I think the real world latency numbers will be interesting to see with PCIe 6.0/7.0 since adopting PAM4 modulation allows the greater bandwidth.

[0] Why Did PCIe 6.0 Adopt PAM4? There Are Many Reasons. https://blog.samtec.com/post/why-did-pcie-6-0-adopt-pam4-the...

pella · on Nov 5, 2023

> So it may not ever arriving at consumer PC

(2019) Intel Hints Towards An Xe ‘Coherent Multi-GPU’ Future With CXL Interconnect

https://wccftech.com/intel-xe-coherent-multi-gpu-cxl/

"If CXL can seamlessly scale GPUs, then the economics of the market would also change completely. People would be able to buy a cheaper GPU first and then simply add another one if they want more power. It would add much more flexibility in buying decisions and even alleviate buyers remorse to some extent for the gaming class. If CXL mode trickles down to the consumer level anytime soon, then we might even see motherboard designs change drastically as multiple sockets and multiple GPUs become a feasible option. Needless to say, it looks like things are going to get pretty exciting in a few years."

dist-epoch · on Nov 5, 2023

CXL seems to be good for attaching large number of memory modules.

Doesn't seem like a match for consumer PC/smartphone, which typically have 1-2 memory sticks, or at most 4.

jeffreygoesto · on Nov 5, 2023

Afaik, CXL 3.0 will run on top of UCIe as well. Let's hope for an open standard that will enable SoCs to be composed from many compatible chiplets. Cache coherency and small granularity below page size is a key ingredient.

peter_d_sherman · on Nov 5, 2023

When I originally (many moons ago!) read about CXL -- I conceptualized it solely as a means to attach additional memory -- to a single CPU...

Now that I read this article, I now also conceptualize CXL -- as a bus, that is, as a potential future PCIe bus replacement...

That is, assuming that PCIe is patent-encumbered, and CXL is not -- and I don't know the current legal/patent statuses of either...
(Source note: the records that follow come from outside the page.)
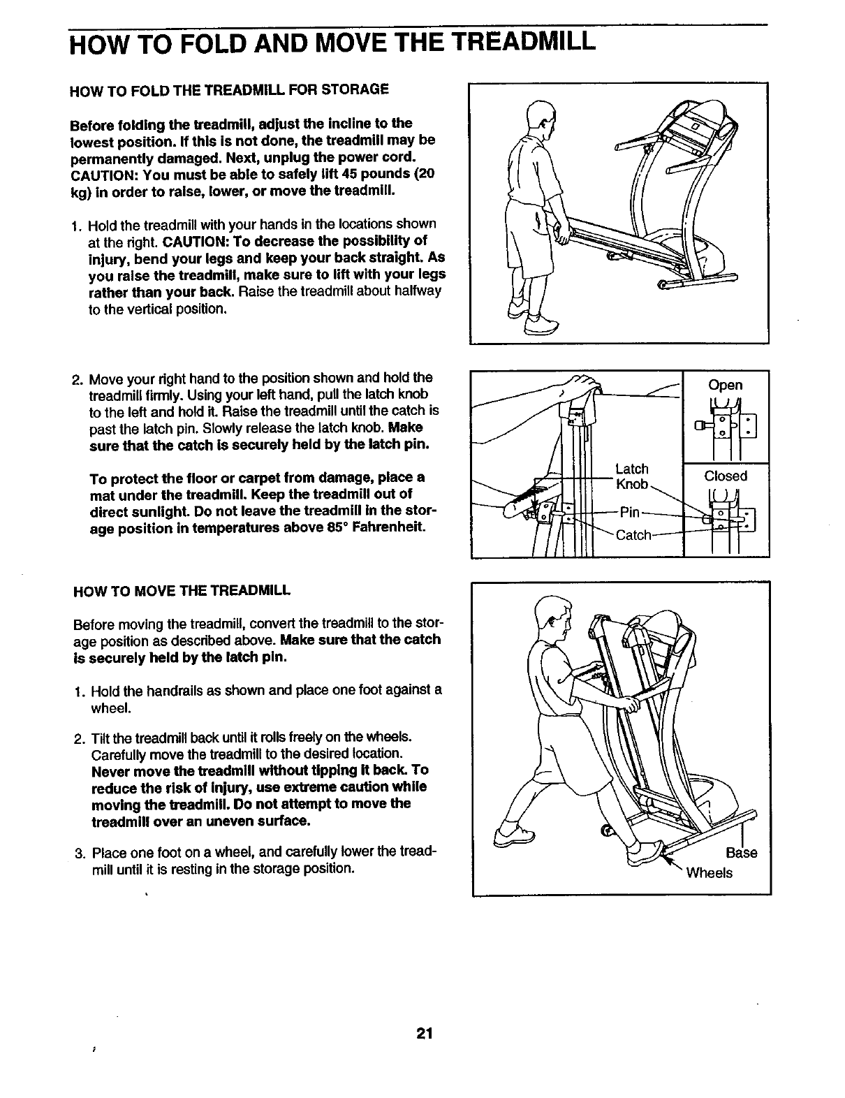 HOW TO FOLD AND MOVE THE TREADMILL .................................................. 21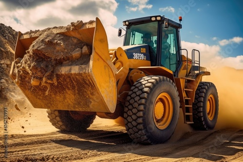 Power of a wheel loader in action at a quarry or construction site. Generative AI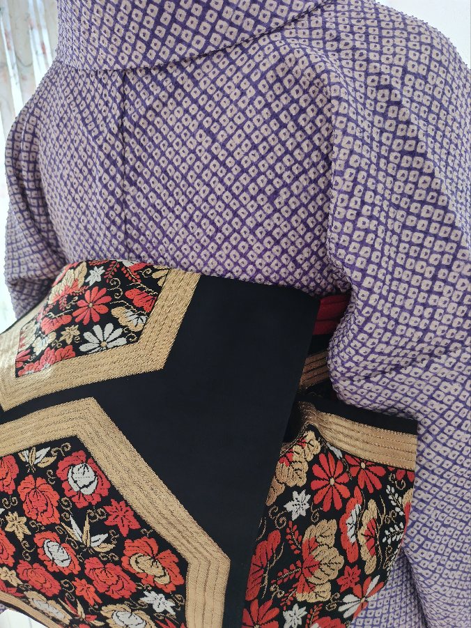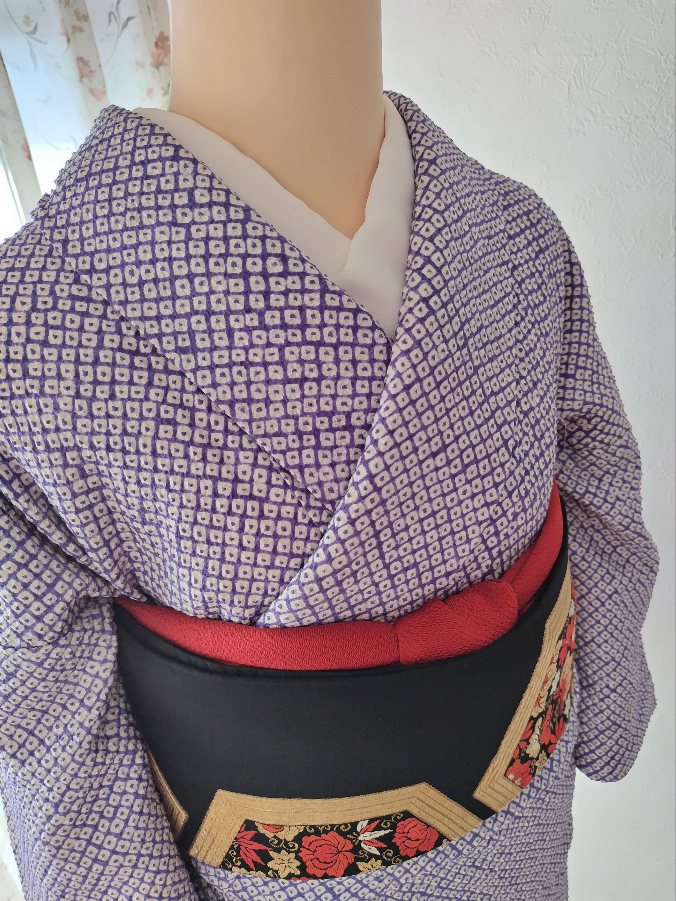 お着物は紫色の総絞り、絞りのお着物は厚みがあるというか、太って見えそうな感じがするので、なかなか着ようってなりませんでした。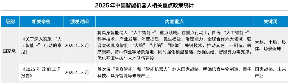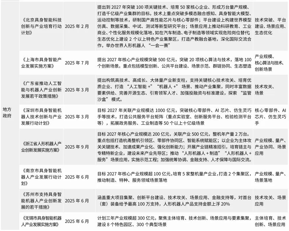 据统计,目前全国已有20多个城市明确提出发展具身智能产业。其中,以北京、上海、深圳、杭州为代表的一线城市基于自身技术研发底蕴、产业集群及供应链生态资源等优势,在具身智能机器人领域走在全国前列。其中,“技术创新”与“场景应用落地”已成为多地政策共同支持的重点方向。

Anyway, a very interesting article!

There's definitely more tiers in the memory/storage (latency) hierarchy these days, and potentially room for even more...

Also...

>"With CXL 2.0 and CXL 3.0 which include switching, a host can access memory from one or more devices that form a pool. It’s important to note that in this kind of pooled configuration, only the resources themselves and not the contents of the memory are shared among the hosts: each region of memory can only belong to a single coherency domain. Memory sharing, which has been added to the CXL 3.0 specification, actually allows individual memory regions within pooled resources to be shared between multiple hosts."

Historically, this reminds me of some of the ideas present in the the Cray-1:

https://en.wikipedia.org/wiki/Cray-1

I'm guessing (but not knowing!) that in the future, "homebrew" supercomputers using CXL to link multiple CPUs (and GPUs/TPUs/NPUs...) to multiple nearby banks of gargantuan shared memory (HAL 9000: "I'm sorry Dave, I can't let you do that..." <g>) -- will be able to be created by people with less-than-Supercomputing-Center-budgets -- but all of that is highly speculative for the time being!

iamtedd · on Nov 5, 2023

How old is this article? The "new types of persistent memory like Intel’s Optane Technology" is dead, as of July 2022.

loeg · on Nov 5, 2023

First copy in the Wayback Machine is Nov 2022: https://web.archive.org/web/20221130194031/https://www.synop...

jleahy · on Nov 5, 2023

Well it says "Limited adoption so far; CXL expected to accelerate through 2022 and 2023" (which didn't happen), so presumably 2021.

superjan · on Nov 5, 2023

Again an article trying to sell a product/technology without bothering to explain upfront what it is, or what the acronym stands for. I can gather bits and pieces from how CXL compares to existing tech, but why keep me guessing?

loeg · on Nov 5, 2023

It's happily unambiguous:

https://www.google.com/search?q=cxl

photonbeam · on Nov 5, 2023

They’re selling to an audience that already knows what it is.